NK: A primeira pessoa que eu olho é meu avô, que criou uma empresa totalmente focada nas pessoas. Ele foi meu grande mentor. Hoje existem pessoas fazendo coisas incríveis, parecidas com o que ele enxergou há muito tempo. Sem ter nenhum conhecimento acadêmico, nem as oportunidades que eu tive, ele sabia fazer as coisas certas de um jeito muito natural. Adoro essas pessoas visionárias, que todo mundo acha maluco mas depois de um tempo percebem que são geniais.
F: Mesmo com toda essa admiração, por que optou por não trabalhar nos negócios da família?

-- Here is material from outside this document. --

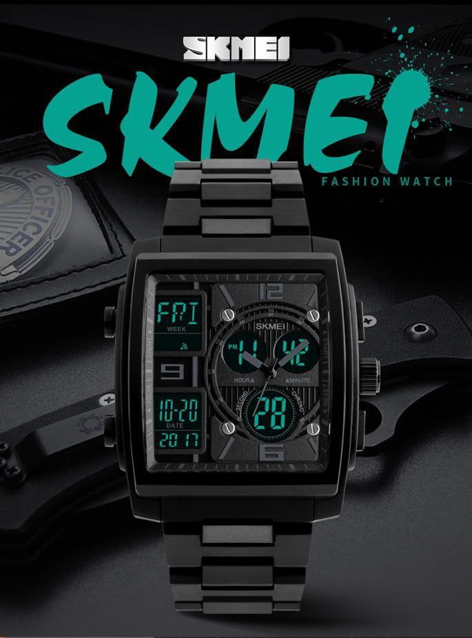 ساعت مچی مردانه دوزمانه Skmei 👌🏻کیفیت عالی، ضدآب، رنگ ثابت 👌🏻همه موتورها فعال، کرنومتر، نور زمینه، آلارم

NK: Eu tinha muito medo de trabalhar com minha família. Sempre falo que a motivação vem de várias formas. A minha era saber o que eu não queria fazer: trabalhar em uma empresa familiar. Para mim era difícil conciliar o fato de que meu pai seria o meu patrão – por pura falta de habilidade, mesmo. E foi ótimo, hoje sou 100% realizada com o que construí. Se eu pudesse voltar atrás, a única coisa que faria diferente seria aprender com eles como conseguiam fazer uma empresa de 50 mil funcionários ser uma família. Mas hoje, se eu fechar a empresa, posso dizer que construí algo de que me orgulho muito.